Updated On: Oct 11, 2011

A United Nations (UN) expert, Frank La Rue urged Thailand to amend its controversial lese majeste laws. Calls to tone down laws that prohibit defamation of the country's royal family were put forward, with La Rue asserting that the legislation and punishments involved do not conform with Thailand’s obligations under the International Covenant on Civil and Political Rights.

The statement was issued on the same day US citizen Joe Gordon Joe Wichai Commart Gordon pleaded guilty in a Thai criminal court to charges of insulting the monarchy. He was arrested in May during a holiday in the kingdom and accused of posting a link to a translation of a banned book -- an unauthorised biography of King Bhumibol Adulyadej -- on his blog, along with other material deemed offensive, while living in the US.

Thailand's ambassador to the UN in Geneva, Sihasak Phuangketkeow, said the government was conscious of the problem raised by the UN expert.

"The monarchy is a very important institution — it's the pillar of stability and unity in Thailand. But we are aware of the concerns," he said, adding that a committee had been appointed to advise the government on how to better implement the law.

Report: UN Expert Urges Reform of Thailand’s Royal Insult Laws (VOA, 11 Oct 2011)

Report: UN expert urges reform of Thai royal insult laws (AP, 11 Oct 2011)

Meanwhile in Cambodia, a Khmer Rouge war crimes tribunal judge has quit. The German senior Co-Investigating Judge, Siegfried Blunk, who was responsible for indicting suspects at Cambodia's UN-backed tribunal has resigned, citing government interference.

Frequent government opposition to further prosecutions in the Extraordinary Chambers in the Courts of Cambodia (ECCC), as the court is known, calls into question the integrity of two ongoing investigations.
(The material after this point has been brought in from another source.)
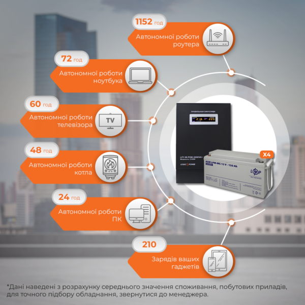 Комплект резервного живлення LP (LogicPower) ДБЖ + мультигелева батарея (UPS B1500 + АКБ MG 2880Wh)
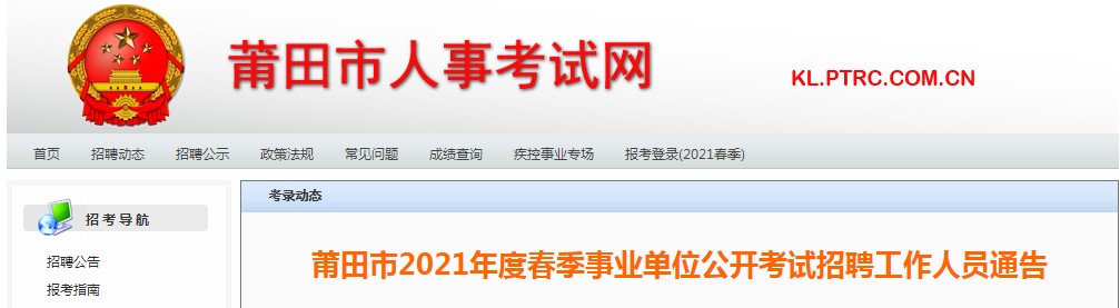 本次招考的報(bào)名網(wǎng)站為莆田市人事考試網(wǎng)(https://kl.ptrc.com.cn/)。報(bào)名采取網(wǎng)上直接報(bào)名的方式進(jìn)行。

Judge Blunk cited a series of statements by Prime Minister Hun Sen and other officials to the effect that no more indictments should be handed down beyond an initial five, including an assertion by Mr. Hun Sen to the U.N. secretary general, Ban Ki-moon, that further trials “will not be allowed.”

The UN’s response, as articulated by U.N. Deputy spokesman Eduardo del Buey was that the world body is "working urgently" to ensure that a reserve judge is available as soon as possible to replace Blunk. Del Buey also insisted that tribunal judges must be permitted to work "without interference from any entity, including the royal government of Cambodia."

The UN call came hours after the tribunal said senior government officials, including Prime Minister Hun Sen, argued that the tribunal should not pursue any more cases. It pointed out that Blunk initiated contempt of court proceedings against Cambodia's information minister over one such remark in May.

The resignation follows months of controversy over the failure of the court to proceed with what are known as Case 003 and Case 004. The UN-backed tribunal has so far convicted only one former Khmer Rouge prison warden and is trying the top four surviving Khmer Rouge leaders in a case that is expected to last for years.

Report: Judge quits Khmer Rouge court over interference (Reuters, 10 Oct 2011)

Report: Judge quits Cambodia Tribunal (New York Times, 10 Oct 2011)

Report: Cambodia War Crimes Tribunal Judge Quits (Al Jazeera, 10 Oct 2011)

Report: Judge Quits Khmer Rouge Tribunal (VOA News, 10 Oct 2011)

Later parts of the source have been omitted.